MR. PALM: Well, this Court should reverse the writ of prohibition that was entered by the Illinois Supreme Court, and we should then go back to the Commission, and the investigation should be concluded, and the Commission should -- the investigator should first decide whether there is substantial evidence that my client was discriminated against by Zimmerman Brush Company --
QUESTION: All of this, and you want the 120-day hearing now?
MR. PALM: No, we don't -- we have lost that: There is no way we can have that back within --
QUESTION: Well, you want a hearing, which would be the one you would have had but for the boner of the Commission.
MR. PALM: That's true. I'm sorry.
QUESTION: Wouldn't you? That's the kind of hearing you want.
MR. PALM: That is exactly right.
QUESTION: What you are really arguing for, I take it, is an equitable concept that that should be done that should have been done.
MR. PALM: That is correct.
QUESTION: And if you win in that hearing, the result is reinstatement.
MR. PALM: No, no.
QUESTION: What is it?
MR. PALM: The result -- this would be the substantial evidence.
QUESTION: I know, but what if you win?
MR. PALM: Overall --
QUESTION: Yes.
MR. PALM: -- and we win by a preponderance of the evidence?
QUESTION: Yes.
MR. PALM: Mr. Logan will get reinstatement to his job.
QUESTION: Yes.
MR. PALM: And -- as well as the other remedies.

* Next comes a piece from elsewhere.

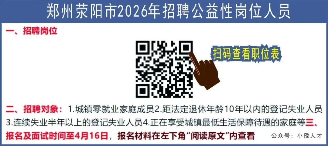 >郑州荥阳市招聘100名工作人员【至4.16】
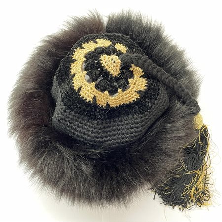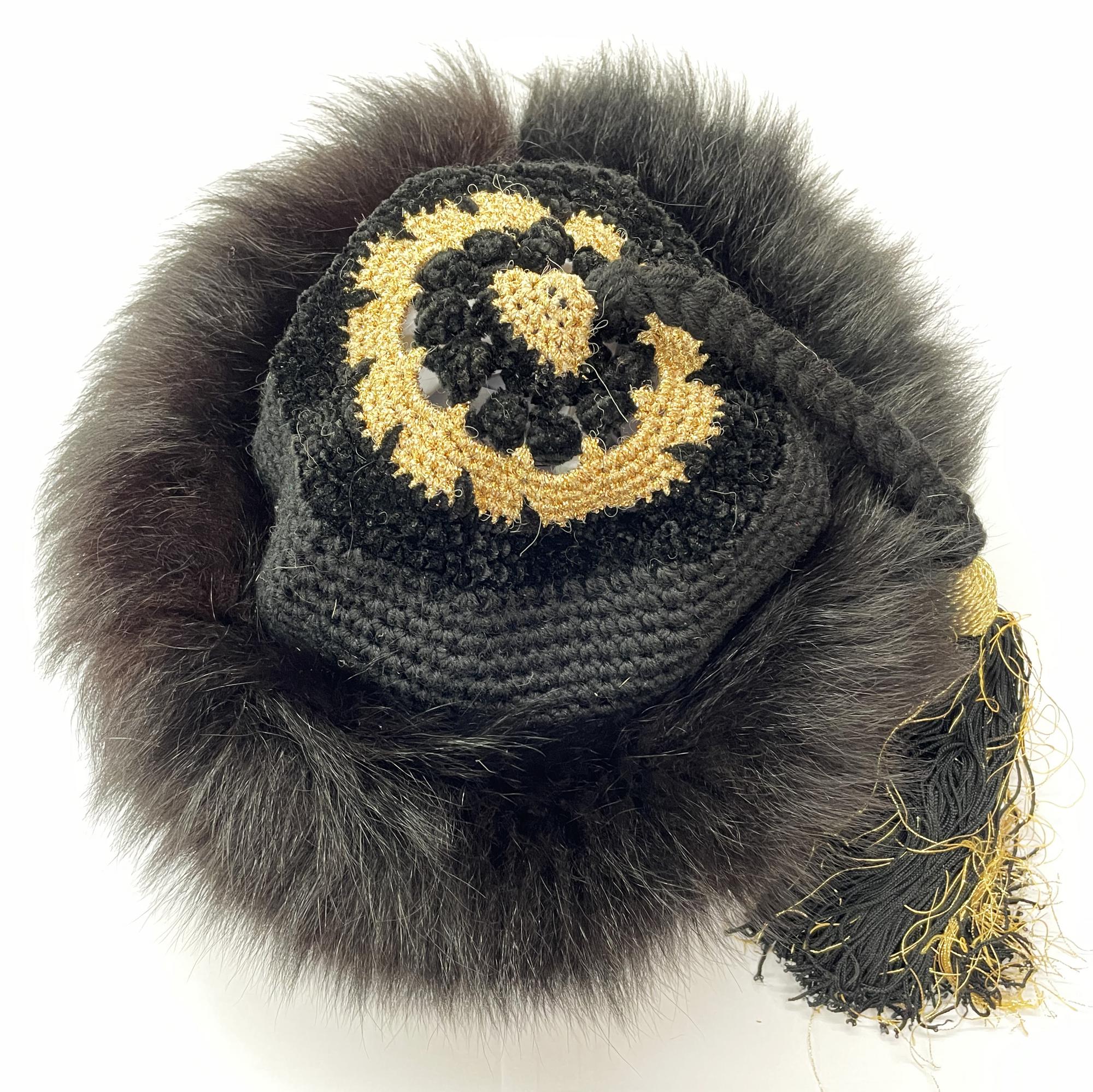 Iconic vintage Yves Saint Laurent gold and black Russian style tassel hat with fur trim. Ballet Russe YSL runway, circa 1976. Perfectly Preserved.

QUESTION: All you really want is just to go ahead.
MR. PALM: That is all we want. All Mr. Logan has wanted from the beginning, from the day he filed his charge, five days after he believes he was discriminated against, is a chance to prove that. And if he was discriminated against, then he is entitled to the remedies, reinstatement and the other remedies that are provided, and if he is not, then he loses, and then he has the regular appellate -- he does have the appellate remedies provided in Illinois.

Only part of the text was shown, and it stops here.